**Information given**

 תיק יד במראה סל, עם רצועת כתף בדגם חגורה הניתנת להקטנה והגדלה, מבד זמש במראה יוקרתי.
---
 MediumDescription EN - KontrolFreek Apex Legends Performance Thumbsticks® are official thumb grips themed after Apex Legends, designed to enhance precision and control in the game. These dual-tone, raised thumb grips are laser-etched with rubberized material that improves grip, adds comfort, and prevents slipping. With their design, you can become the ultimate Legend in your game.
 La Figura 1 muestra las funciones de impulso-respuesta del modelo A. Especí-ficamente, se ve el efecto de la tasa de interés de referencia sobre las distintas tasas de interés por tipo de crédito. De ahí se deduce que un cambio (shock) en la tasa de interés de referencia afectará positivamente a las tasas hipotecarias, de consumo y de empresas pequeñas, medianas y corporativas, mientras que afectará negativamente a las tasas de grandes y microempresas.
---
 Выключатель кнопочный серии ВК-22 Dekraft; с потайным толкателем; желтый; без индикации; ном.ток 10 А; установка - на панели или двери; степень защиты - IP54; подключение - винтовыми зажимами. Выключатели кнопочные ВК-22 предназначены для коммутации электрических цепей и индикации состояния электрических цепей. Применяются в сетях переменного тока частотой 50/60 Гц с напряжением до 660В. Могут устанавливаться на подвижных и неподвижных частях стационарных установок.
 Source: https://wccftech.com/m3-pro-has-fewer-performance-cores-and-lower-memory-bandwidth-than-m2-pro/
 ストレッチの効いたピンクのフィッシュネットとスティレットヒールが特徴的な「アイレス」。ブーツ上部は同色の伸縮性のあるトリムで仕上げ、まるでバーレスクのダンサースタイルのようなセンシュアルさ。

**Problem requirements**
Could you restate word for word the lines above, from the one that contains "MediumDescription EN - KontrolFreek" through the one that contains "La Figura 1", and no others?

**Output of the task**
 MediumDescription EN - KontrolFreek Apex Legends Performance Thumbsticks® are official thumb grips themed after Apex Legends, designed to enhance precision and control in the game. These dual-tone, raised thumb grips are laser-etched with rubberized material that improves grip, adds comfort, and prevents slipping. With their design, you can become the ultimate Legend in your game.
 La Figura 1 muestra las funciones de impulso-respuesta del modelo A. Especí-ficamente, se ve el efecto de la tasa de interés de referencia sobre las distintas tasas de interés por tipo de crédito. De ahí se deduce que un cambio (shock) en la tasa de interés de referencia afectará positivamente a las tasas hipotecarias, de consumo y de empresas pequeñas, medianas y corporativas, mientras que afectará negativamente a las tasas de grandes y microempresas.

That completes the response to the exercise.